Friday October 19, 2007

Reuters

Airbus Confirms A400m Deliveries Will Be Late
October 17, 2007

Deliveries of the Airbus military A400M airlifter will be delayed by at least six months, Airbus parent EADS said on Wednesday.

"A400M deliveries are now expected to start six months later than initially planned with a risk of a further slippage of up to a half year," the statement said.

The original scheduled date for first deliveries was October 2009.

EADS said it would give details about the financial impact of the delay alongside its nine month earnings.

(Reuters)


----------



## Jammer (19 Oct 2007)

Given the fact that the Govt has not yet signed a firm contract with Lockheed Martin, perhaps they are hedging thier bets with  the A-400M?
True, it hasn't yet flown, however the C-130J has had some teething troubles and the A-400M is touting the fact that it can carry a more substantial payload than the C-130J, yet deliver the same short-field performance.


----------



## observor 69 (19 Oct 2007)

Mortarman Rockpainter said:
			
		

> Nothing
> 
> 
> Except that this delivery represents MILLIONS of taxpayer dollars that are going leaps and bounds to provide the Canadian Armed Forces with a strategic enabler for the very first time EVER.
> ...



No, I think that pretty well covers it.  ;D


----------



## Jammer (19 Oct 2007)

CNN is reporting that OJ took back the C-17, claiming it was his all along, gave it to Britney who promptly ran it into K-Feds car and walked away............


----------



## Haletown (19 Oct 2007)

Jammer said:
			
		

> Given the fact that the Govt has not yet signed a firm contract with Lockheed Martin, perhaps they are hedging thier bets with  the A-400M?
> True, it hasn't yet flown, however the C-130J has had some teething troubles and the A-400M is touting the fact that it can carry a more substantial payload than the C-130J, yet deliver the same short-field performance.

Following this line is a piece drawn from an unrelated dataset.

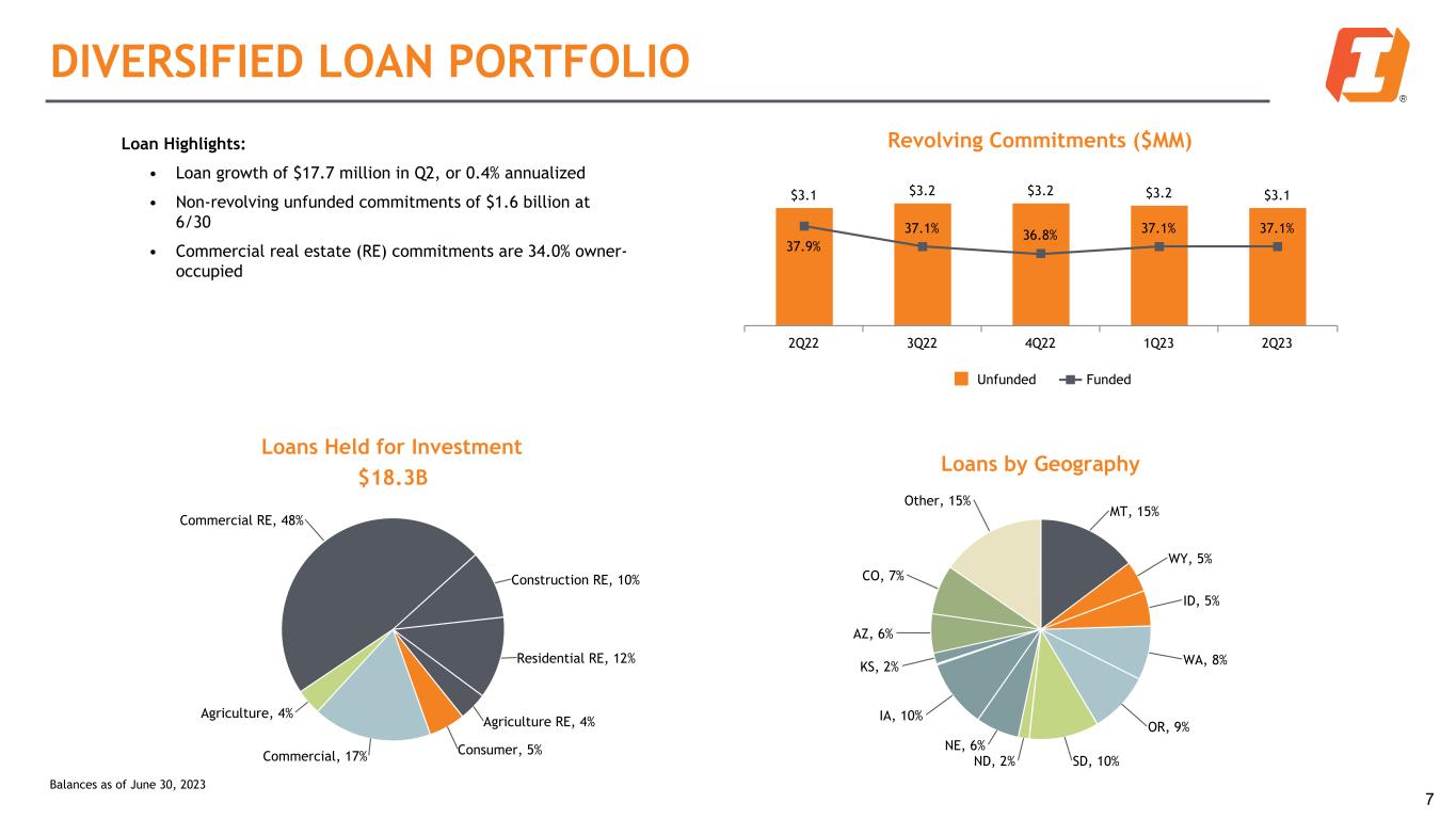 SECOND QUARTER 2023 RESULTS Summary of Q2 2023 Results Dollars in millions, except per share data 2Q23 Net interest income $218.4 Provision for credit losses 11.7 Non-interest income 44.1 Non-interest expense 163.9 Income before taxes 86.9 Income taxes 19.9 Net income $67.0 Diluted earnings per share (EPS) $0.65 Q2 2023 Selected items impact Dollars in millions, except per share data Income Statement Geography Pre-tax (in MM) After-tax (in MM) Reported EPS Impact Severance Expense Salaries and Wages $(1.9) $(1.5) $(0.01) Investment securities loss (0.1) (0.1) — Totals $(2.0) $(1.6) $(0.01) 6 Notes: • Q2 2023 results include $3.0 million in additional provision for unfunded commitments, reported through the provision for loan losses

not a chance.  The Jercs teething problems are past tense, the A400 will have its share of cavities and it makes no sense for the CF to overlap it's lift capacity on the strategic side.  It is an "in between" sized aircraft that doesn't fit anywhere in CF needs. 

We can expect Al Gore to recant his GHG schpeel before we ever, ever buy A400M's for the CF.


----------



## Jammer (19 Oct 2007)

Really?
Speaking to RAF types who were in Kandahar the same time I was (2007), they haven't deployed thier Js yet due to still unresolved cargo handling issues as well as recommendations from the OEM that they refrain from STOL mission in Afghanistan and Iraq.
Unexpected excess wear on the Dowty props are  a bit of a problem as well.


----------



## DavidAkin (19 Oct 2007)

I don't know about other reporters, but I've had a keen interest in the development of our new strategic airlift fleet and here's a couple of comments to the discussion here:

As to newsworthiness of the arrival of number two:
- As CFB Trenton PA staff will attest, I've been calling about the arrival of number two for more than a week now. [Blogged about it: http://davidakin.blogware.com/blog/_archives/2007/10/17/3297087.html ] I'd hoped to be at Trenton with a camera crew but, unfortunately, other news events on Thursday prevented our attendance (It's a two-hour plus drive to Trenton) and, no, it wasn't Britney or Justin. We had this little thing called the Throne Speech which has kept those of us in Ottawa kind of busy this week and then, on Thursday, the government unveiled its omnibus crime bill. So without the pictures of the new plane and with some other serious public policy news, doing any story on the arrival of number two is, for  us, kinda difficult.
You should also know that no official release came out of DND HQ, Air Force HQ, or the MND's office about the delivery of this plane. So, officially anyhow, the CF/DND did not think it an event of enough significance to issue a press release. [A release was issued, on the other hand, yesterday about a speech the MND gave to a Chamber of Commerce in Quebec: http://www.forces.gc.ca/site/newsroom/news_e.asp?cat=&y=&m=&page=1  so you can assume DND/CF thought that speech was more significant. ]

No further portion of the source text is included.